Records from a data source

────────────────────────────────────────

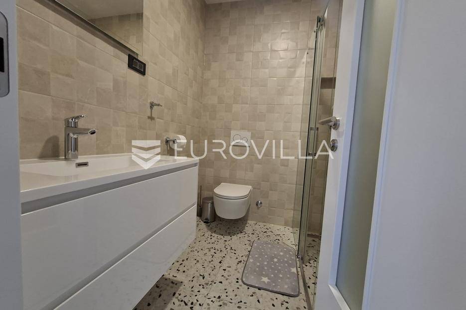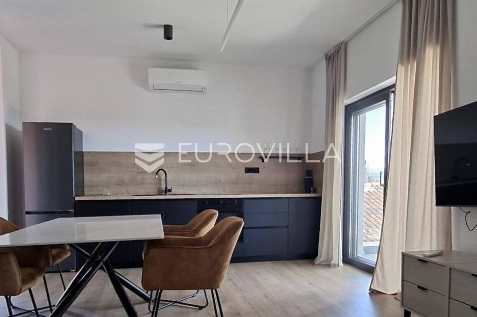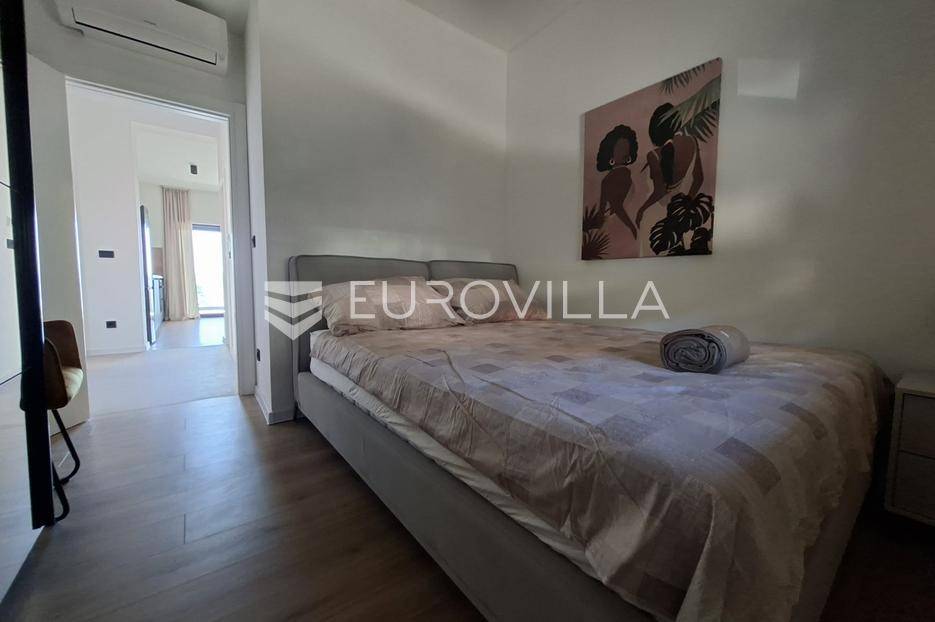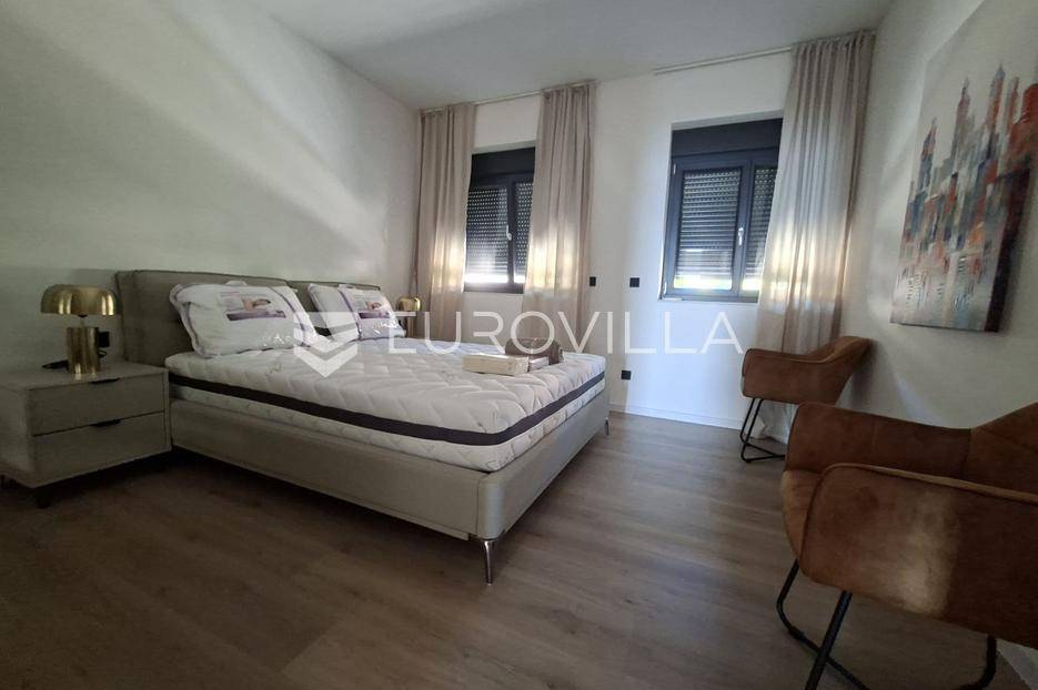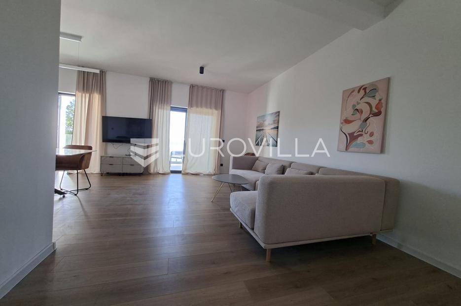 Iznajmljuje se predivan stan u Lovranu, smješten u modernoj novogradnji na mirnoj i lijepoj lokaciji, idealnoj za ugodan život ili odmor. Stan površine 90 m² sastoji se od dvije prostrane spavaće sobe, kuhinje povezane s dnevnim boravkom i blagovaonicom, te elegantne kupaonice.Posebnu čar daje velika terasa s prekrasnim pogledom na more, savršena za opuštanje i uživanje u zalascima sunca.Stan je moderno i ukusno namješten, a budućim najmoprimcima na raspolaganju je zajednički bazen koji se dijeli s još dva stana. Osigurano je i parkirno mjesto.Ova nekretnina spaja udobnost, suvremeni dizajn i mirno okruženje — savršen izbor za one koji traže prostran, moderan i opuštajući dom na Kvarneru.
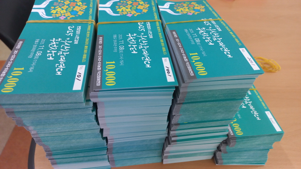 ○ 2025년 후원장터 첫 준비는 티켓 제작, 번호 넘버링, 배포로 이어집니다.
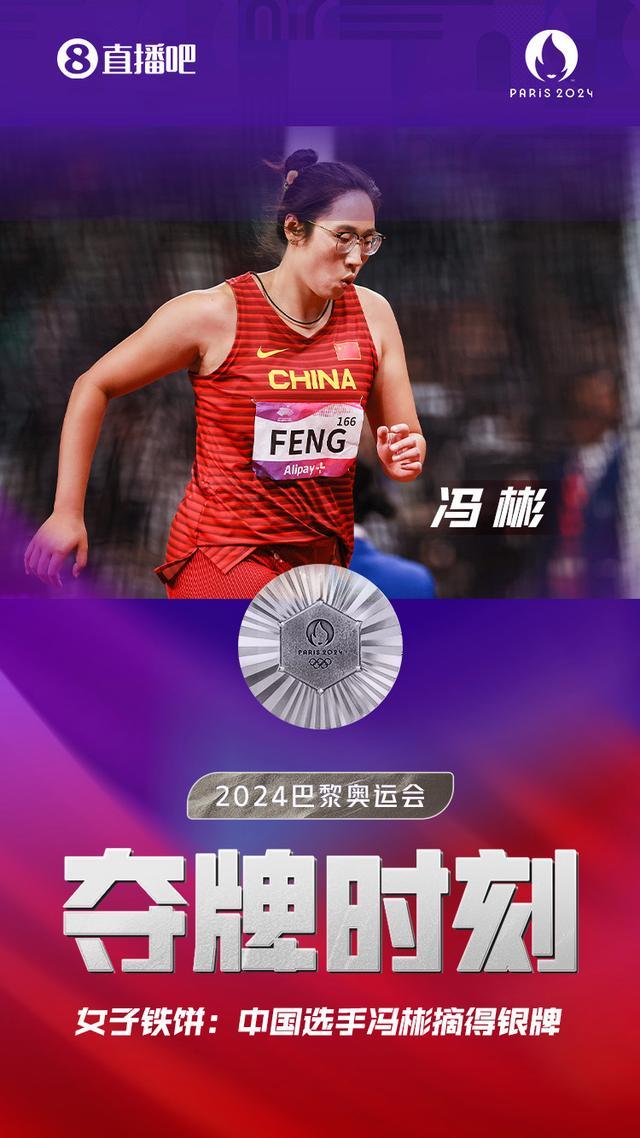 11、2024年08月06日凌晨,冯彬夺得田径女子铁饼银牌。
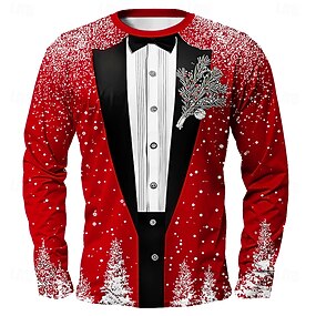Χριστούγεννα Ανδρικά Smoching Στολές Μπλουζάκι Μακρυμάνικο Κοντομάνικη μπλούζα 3D εκτύπωση Στρογγυλή Ψηλή Λαιμόκοψη Πουκάμισο Μοντέρνα Βασικό 3D Δρόμος Causal Καθημερινά Κόκκινο 3 Μαύρο Λευκό
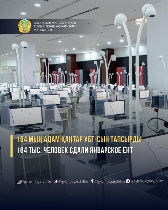 164 МЫҢ АДАМ ҚАҢТАР ҰБТ-СЫН ТАПСЫРДЫ164 мыңға жуық адам қаңтар айындағы ҰБТ-ны тапсырды. Оның ішінде талапкерлердің 76,81%-ы қазақ тілінде, 23,14%-ы орыс тілінде, 89 адам ағылшын тілінде тестілеуден өтті.ҰБТ-да шекті балды 70,35%-ға жуық талапкер жинады. Орташа балға келетін болсақ, ол 65,81 балды құрады. Ең жоғары балл – 139. Жалпы 186 талапкер 130-дан жоғары балл жинады.Тестке қатысушылардың басым бөлігі «Математика-Физика» комбинацияларын таңдаған, атап айтқанда, 17,5%-ы тапсырды. «Биология-Химия» пәндерін 17,27% таңдаған. Сондай-ақ топ-3 қатарына талапкерлердің 10,29% таңдаған «Математика-Информатика» комбинациясы кірді. Ең аз таңдалған комбинация – «Химия-Физика», оны 197 адам тапсырған.2025 жылғы қаңтар ҰБТ-сының қорытындысы бойынша талапкерлер «Оқу сауаттылығы» пәнін жоғары деңгейде тапсырды. Орташа есеппен сұрақтардың 75,43%-ына дұрыс жауап берілген. Ал «Физиканы» тапсырған талапкерлердің тек 32,32% тапсырманы дұрыс орындаған, олар үшін «Электромагниттік индукция» тақырыбы қиын болды. Осылайша, ҰБТ нәтижелері бойынша Ұлттық тестілеу орталығы тек сандар емес, сонымен қатар тақырыптар бойынша егжей-тегжейлі талдауды да ұсынады.Ерекше білім беру қажеттіліктері бар оқуға түсушілер үшін қолайлы жағдай жасаудың арқасында қаңтар ҰБТ-сына 392 талапкер қатысқанын айта кеткен жөн.ҰБТ өткізу барысында 197 ереже бұзушылық анықталған. Оның ішінде 101 талапкер смартфон және шпаргалка сияқты тыйым салынған заттарды алып өту әрекеті салдарынан тест тапсыру мүмкіндігінен айырылды, ал тестілеу кезінде ережелерді бұзғаны үшін аудиториядан 96 адам шығарылды. Өзге тұлғалар анықталған жоқ.Талапкерлер тестілеу аяқталғаннан кейін 30 минут ішінде апелляцияға бере алды. Бұл жолы 14 мыңнан астам өтініш қабылданды, олардың ішінде 10 өтініш қанағаттандырылды. Республикалық комиссия жұмысын аяқтады, талапкерлердің сертификаттары жеке кабинетте қолжетімді. Айта кетсек, 2025 жылғы ҰБТ аяқталғаннан кейін күнтізбелік жылдың 31 қазанына дейін тестілеудің бейнежазбаларына талдау жүргізіледі. Тыйым салынған заттарды пайдалану немесе ережелерді бұзу фактілері анықталған жағдайда түсушінің ҰБТ нәтижелері жойылады.Естеріңізге сала кетсек, қаңтардағы ҰБТ-ға шартты түрде ақылы негізде күндізгі оқу нысаны бойынша жоғары оқу орындарына қабылданған, жазғы ҰБТ нәтижелері бойынша шекті балл жинамағандар, шығармашылық ББТ-дан басқа дайындық бағыттарына, педагогикалық бағытқа ақылы негізде ауысқысы келетіндер, сондай-ақ мектеп бітіретін түлектер жоғары оқу орындарына ақылы негізде түсу үшін қатысады. ҚР ҒЖБМ Ұлттық тестілеу орталығыАқпарат көзі : https://www.gov.kz/memleket/entities/sci/press/news/details/936542
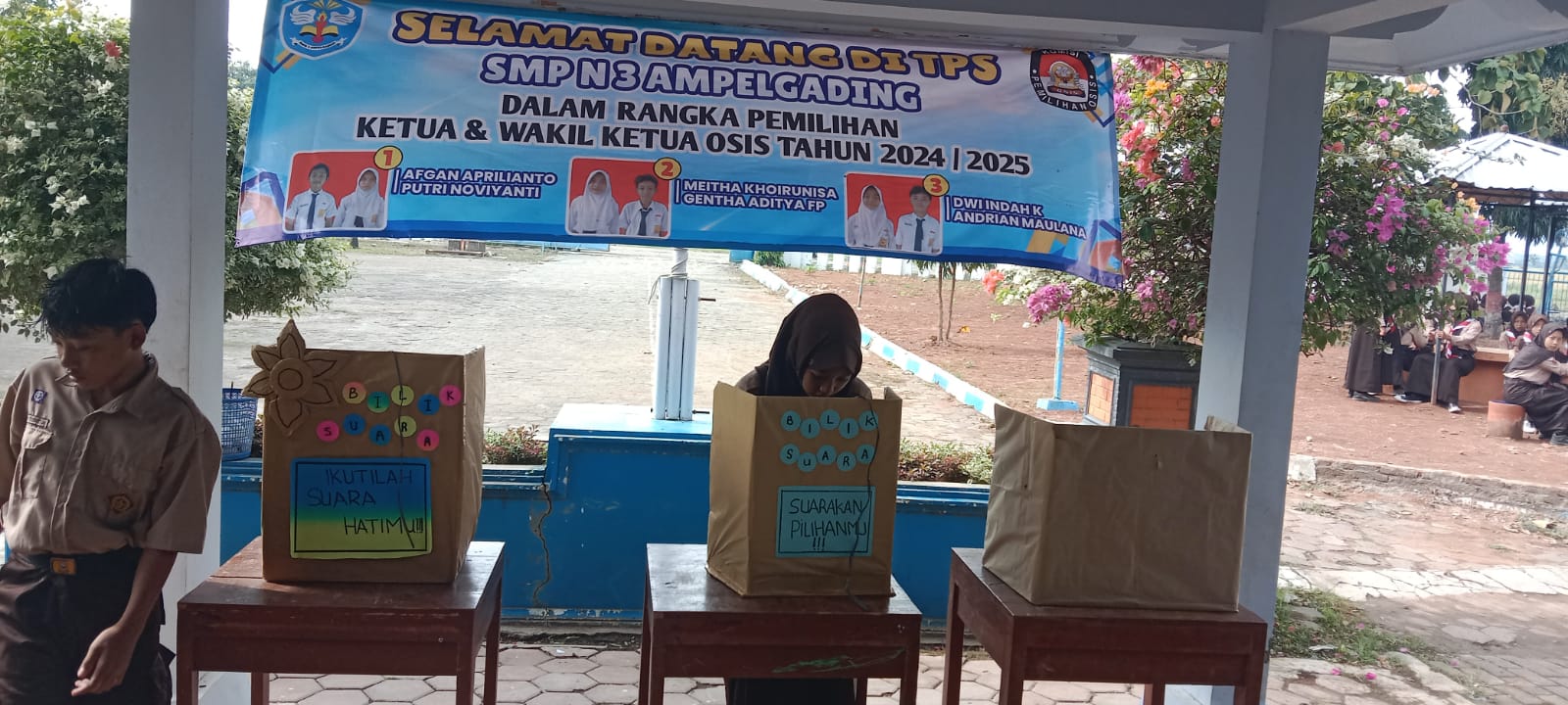 Ampelgading, Sabtu (30/11/2028) – Setelah melalui rangkaian pemilihan yang berlangsung demokratis dan penuh antusiasme, pasangan calon (paslon) nomor urut 3, Dwi Indah K dan Andrian Maulana, akhirnya dinyatakan sebagai Ketua dan Wakil Ketua OSIS SMP Negeri 3 Ampelgading periode 2024/2025. Pasangan ini unggul dengan perolehan suara terbanyak yang menunjukkan mendapatkan kepercayaan besar dari siswa terhadap visi dan misi mereka.

────────────────────────────────────────

• [Task goal] Within the entries above, give again exactly the lines starting at the one that contains "11、2024年08月06日凌晨,冯彬夺得田径女子铁饼银牌。" and ending at the one that contains "Χριστούγεννα Ανδρικά Smoching", leaving out the pictures.

• [Task output]
 11、2024年08月06日凌晨,冯彬夺得田径女子铁饼银牌。
Χριστούγεννα Ανδρικά Smoching Στολές Μπλουζάκι Μακρυμάνικο Κοντομάνικη μπλούζα 3D εκτύπωση Στρογγυλή Ψηλή Λαιμόκοψη Πουκάμισο Μοντέρνα Βασικό 3D Δρόμος Causal Καθημερινά Κόκκινο 3 Μαύρο Λευκό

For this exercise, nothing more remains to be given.